From: John De Armond
Newsgroups: alt.forestry,misc.rural
Subject: Re: Chainsaw purchase advise
Date: Sat, 20 Jan 2007 15:28:13 -0500
Message-ID: <>

On 20 Jan 2007 08:29:13 -0800, "Harry K" <>

>Sorta OT but on the subject of big bars on saws:  The most rediculous
>thing I saw was when I was in the shop picking up mine after service.
>Customer ahead of me picked up his saw and a 26" chain.  After he left
>I asked the counter guy "did I just see what I think I did?  A 26" bar
>on an 026?"  "Yep".

Before you make too much fun of that guy, realize that he probably
knows something that you don't.

I ran the longest bar I could on my de-limbing saw when I was cutting
firewood semi-commercially.  The reason was that at 6'7" tall, bending
over a felled tree to reach the limbs with a shorter bar was hard on
my knees and back.  The long bar (with a roller nose the power loss
was minimal) let me stand more upright.

That was before I discovered the Brush Bar (aka Bow Bar.)  I put one
of those on a Mac SuperPro 80 (80 cc engine) and never looked back.  I
could both de-limb and buck while standing straight upright.

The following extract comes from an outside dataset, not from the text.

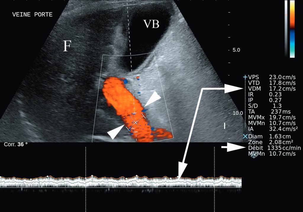 La veine porte (têtes de flèche) présente un flux se dirigeant vers la sonde (codé en rouge orangé au doppler couleur) donc se dirigeant normalement vers le foie (F). On dit qu’il est hépatopète. Le doppler pulsé renseigne sur la vitesse du flux porte (ici 17 cm/s) (flèches longues). Après mesure du diamètre de la veine porte, l’échographe calcule la vitesse du flux sanguin portal (après correction de l’angle de tir) (flèche courte). En cas d’hypertension portale, la vitesse diminue, le flux porte peut même s’inverser et devenir hépatofuge. Des veines de dérivation peuvent être visibles en doppler couleur, mais elles sont plus facilement détectées au scanner.

I still have and use that saw some 30-odd years later.  So  much for
the rumor that saw engines are short-lived....


From: John De Armond
Newsgroups: misc.rural
Subject: Re: How To Sharpen An Ax?
Date: Mon, 07 Jan 2008 00:49:46 -0500
Message-ID: <>

On Sun, 6 Jan 2008 21:41:40 -0600, (Ronny TX) wrote:

>Well then,it seems I need someone to tell me how to sharpen one the best
>way. :-) And thus,why I asked in here.

Just ignore the pecker-heads.  This group is infested with 'em, unfortunately.

>And it has been years since I've needed to use an ax. And years back too
>since my Dad sharpened our ax. So on most things I simply used a large
>pair of lopping shears,a bow saw or a Sawzall,if I thought that was
>called for.
>I did see someone sharpening their two bitted ax the other day on a
>electric grinder and that may be fine? But it seemed a bit of overkill
>to me. Wasn't sure though and I'm still not. For the ax I have is pretty
>blamed dull. So I have been tempted to use the grinder first and then
>the hand file to finish things off. Just didn't want to use the
>grinder,if doing so would take off more metal than need be? Can't see
>any good in that,if such produces too much waste of metal on a good ax

How you sharpen an axe depends on what tools you have or are willing to buy.

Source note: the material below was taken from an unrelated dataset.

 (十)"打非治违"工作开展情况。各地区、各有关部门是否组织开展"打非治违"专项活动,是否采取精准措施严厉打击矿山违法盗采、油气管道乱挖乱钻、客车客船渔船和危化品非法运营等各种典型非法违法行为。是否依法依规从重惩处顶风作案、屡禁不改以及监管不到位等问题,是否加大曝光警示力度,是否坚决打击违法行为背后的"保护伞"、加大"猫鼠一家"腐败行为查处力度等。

At the bottom end is an ordinary mill file for rough sharpening and a whetrock for
finishing.  A round rock held in a GLOVED hand is the usual form.  This results in a
slightly rounded convex surface which IMO, isn't the best for cutting.

At the top end is a water cooled slow speed wheel.  A large diameter wheel properly
used will slightly hollow-grind the blade.  That is, the blade gradually tapers
behind the edge and then quickly widens out.  The radius of the wheel is ground into
the edge.  Hollow grinding provides a narrow leading edge which lets the axe enter
the wood easily and then offers a shoulder to quickly initiate the split.  And for
chopping, the hollow grind cuts dapper than a rounded edge because less wood has to
be displaced.

In between the two techniques are things like bench grinders and even hand-held angle
grinders.  Both are generally too high speed and will de-temper the edge ("burns"
it).  A de-tempered edge will either dull quickly or chip, depending on whether the
overheated edge is allowed to cool naturally or is quenched.

When I can't get to a wet wheel, I use an angle grinder operated at low speed.  I use
an inexpensive "router speed control" like Harbor Freight sells for $10-20, depending
on sale prices.  I clamp my axe in a vice with a wet sponge backing the other side to
help keep it cool. I operate the grinder at only a couple hundred RPM and stop often
to make sure the edge is remaining cool.

Final touch-up is done with a whetrock.  A properly sharpened axe will almost shave.
If you don't wear a glove when whet-rocking, you'll discover how well it cuts hand
flesh too :-)  I use a lightweight kevlar knife-proof glove like poultry workers use.
A leather-palmed work glove will work too if you're careful.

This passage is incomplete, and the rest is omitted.